Still, I'll share the recipe here, in case you’re the adventurous type.
But I wouldn’t recommend this edible boat anchor for any lover’s breakfast — unless you want to bring a whole new meaning to the term "tough love."
Five Minute Cinnamon Rolls
Ingredients:
60 grams of yogurt
50 grams of self-rising, heat-treated flour
10 grams melted butter
1 tablespoon sugar
1/2 teaspoon cinnamon
3-5 tablespoons powdered sugar
1 tablespoon milk (plus I added 1/2 teaspoon vanilla)
Directions:
Mix heat-treated flour with yogurt until dough forms. Place on floured surface and roll into a rough rectangle.

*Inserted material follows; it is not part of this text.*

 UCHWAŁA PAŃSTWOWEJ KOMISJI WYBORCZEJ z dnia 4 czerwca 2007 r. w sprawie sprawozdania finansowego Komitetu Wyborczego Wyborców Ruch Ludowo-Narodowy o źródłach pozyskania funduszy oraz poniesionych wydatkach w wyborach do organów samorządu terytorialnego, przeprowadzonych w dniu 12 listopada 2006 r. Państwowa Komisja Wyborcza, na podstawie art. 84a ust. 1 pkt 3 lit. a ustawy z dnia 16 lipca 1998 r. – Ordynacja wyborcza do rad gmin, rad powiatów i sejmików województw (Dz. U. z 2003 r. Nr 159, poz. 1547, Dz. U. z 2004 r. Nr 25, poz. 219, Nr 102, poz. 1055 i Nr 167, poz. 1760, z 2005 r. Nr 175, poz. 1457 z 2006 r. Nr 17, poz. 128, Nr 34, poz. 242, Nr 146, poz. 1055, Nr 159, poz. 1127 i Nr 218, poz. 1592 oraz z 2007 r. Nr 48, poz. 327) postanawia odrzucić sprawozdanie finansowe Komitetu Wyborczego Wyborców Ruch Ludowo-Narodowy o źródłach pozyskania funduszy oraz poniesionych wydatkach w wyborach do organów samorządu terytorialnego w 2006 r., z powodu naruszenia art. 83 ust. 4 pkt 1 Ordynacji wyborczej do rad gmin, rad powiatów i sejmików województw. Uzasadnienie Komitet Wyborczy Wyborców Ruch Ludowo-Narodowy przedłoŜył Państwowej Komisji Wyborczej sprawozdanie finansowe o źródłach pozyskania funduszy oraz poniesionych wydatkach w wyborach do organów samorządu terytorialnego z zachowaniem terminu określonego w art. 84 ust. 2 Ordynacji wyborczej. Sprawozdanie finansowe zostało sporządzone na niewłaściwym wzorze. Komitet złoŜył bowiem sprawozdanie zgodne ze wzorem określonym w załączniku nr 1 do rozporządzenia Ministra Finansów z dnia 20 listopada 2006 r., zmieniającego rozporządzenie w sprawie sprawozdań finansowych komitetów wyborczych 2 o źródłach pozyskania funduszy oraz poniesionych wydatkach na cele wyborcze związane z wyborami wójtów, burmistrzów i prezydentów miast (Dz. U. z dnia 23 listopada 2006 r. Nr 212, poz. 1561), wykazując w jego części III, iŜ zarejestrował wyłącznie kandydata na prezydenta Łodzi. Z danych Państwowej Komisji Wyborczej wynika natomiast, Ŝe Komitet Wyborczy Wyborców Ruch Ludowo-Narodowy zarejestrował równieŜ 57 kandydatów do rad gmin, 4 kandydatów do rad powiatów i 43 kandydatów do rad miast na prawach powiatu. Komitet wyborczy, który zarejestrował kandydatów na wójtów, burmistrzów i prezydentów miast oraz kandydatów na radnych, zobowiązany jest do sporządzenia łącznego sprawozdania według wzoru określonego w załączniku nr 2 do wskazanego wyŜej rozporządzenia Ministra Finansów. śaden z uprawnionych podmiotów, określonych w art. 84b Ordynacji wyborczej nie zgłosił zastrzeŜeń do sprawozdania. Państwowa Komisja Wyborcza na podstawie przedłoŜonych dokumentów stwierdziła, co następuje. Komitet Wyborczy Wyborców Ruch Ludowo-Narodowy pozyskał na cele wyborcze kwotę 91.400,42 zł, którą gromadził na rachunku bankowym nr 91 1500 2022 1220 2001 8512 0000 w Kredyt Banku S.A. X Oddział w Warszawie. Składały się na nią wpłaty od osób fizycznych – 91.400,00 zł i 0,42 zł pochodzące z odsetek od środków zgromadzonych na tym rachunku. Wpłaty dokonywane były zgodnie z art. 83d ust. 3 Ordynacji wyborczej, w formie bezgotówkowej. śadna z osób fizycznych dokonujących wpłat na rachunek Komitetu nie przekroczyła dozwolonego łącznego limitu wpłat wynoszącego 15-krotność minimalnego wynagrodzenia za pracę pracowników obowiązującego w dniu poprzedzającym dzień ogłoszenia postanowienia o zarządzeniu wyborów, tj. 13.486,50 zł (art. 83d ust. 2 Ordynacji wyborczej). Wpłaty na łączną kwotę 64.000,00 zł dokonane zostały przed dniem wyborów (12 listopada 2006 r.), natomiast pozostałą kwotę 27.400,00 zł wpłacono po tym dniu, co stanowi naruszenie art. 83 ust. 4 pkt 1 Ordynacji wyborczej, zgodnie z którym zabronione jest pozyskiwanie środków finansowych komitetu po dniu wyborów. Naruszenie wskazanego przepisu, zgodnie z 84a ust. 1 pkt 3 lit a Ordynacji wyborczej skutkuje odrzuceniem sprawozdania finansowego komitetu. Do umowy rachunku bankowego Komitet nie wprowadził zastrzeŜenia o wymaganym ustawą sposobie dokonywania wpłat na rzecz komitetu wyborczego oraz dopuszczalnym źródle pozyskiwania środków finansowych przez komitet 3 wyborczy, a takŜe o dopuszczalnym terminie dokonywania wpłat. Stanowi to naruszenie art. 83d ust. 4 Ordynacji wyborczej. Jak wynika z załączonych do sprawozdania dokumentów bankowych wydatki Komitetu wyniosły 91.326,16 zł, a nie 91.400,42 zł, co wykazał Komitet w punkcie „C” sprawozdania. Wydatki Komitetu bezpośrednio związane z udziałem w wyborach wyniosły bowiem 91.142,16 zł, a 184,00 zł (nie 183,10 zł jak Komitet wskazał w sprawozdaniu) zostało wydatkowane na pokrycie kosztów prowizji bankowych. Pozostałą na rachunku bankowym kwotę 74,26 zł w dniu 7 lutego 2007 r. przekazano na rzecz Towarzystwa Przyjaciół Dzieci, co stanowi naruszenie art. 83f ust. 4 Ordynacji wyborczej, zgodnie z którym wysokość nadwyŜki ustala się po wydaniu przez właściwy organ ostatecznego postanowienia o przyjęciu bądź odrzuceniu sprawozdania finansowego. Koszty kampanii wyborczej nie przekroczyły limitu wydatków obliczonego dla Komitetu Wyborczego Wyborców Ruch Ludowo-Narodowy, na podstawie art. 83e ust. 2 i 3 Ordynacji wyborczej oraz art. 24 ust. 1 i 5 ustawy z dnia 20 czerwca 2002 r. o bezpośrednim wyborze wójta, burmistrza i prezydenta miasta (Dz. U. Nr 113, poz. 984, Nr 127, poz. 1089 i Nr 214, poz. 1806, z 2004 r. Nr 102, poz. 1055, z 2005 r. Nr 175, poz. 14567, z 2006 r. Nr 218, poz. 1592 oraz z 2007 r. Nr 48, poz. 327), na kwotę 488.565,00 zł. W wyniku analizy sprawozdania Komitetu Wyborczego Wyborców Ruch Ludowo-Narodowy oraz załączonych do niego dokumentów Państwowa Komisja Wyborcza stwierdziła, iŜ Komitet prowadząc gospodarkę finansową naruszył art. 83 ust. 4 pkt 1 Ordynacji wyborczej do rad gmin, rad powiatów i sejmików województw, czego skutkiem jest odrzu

Mix butter, sugar and cinnamon; spread over dough. Fold the long edges of the dough into the middle. Then roll dough up and place inside a microwavable mug.
Cook in 750-watt microwave on high for 1 minute. (You'll need to adjust for higher-powered appliances.)
Mix powdered sugar, milk and vanilla till smooth. Remove roll and top with glaze.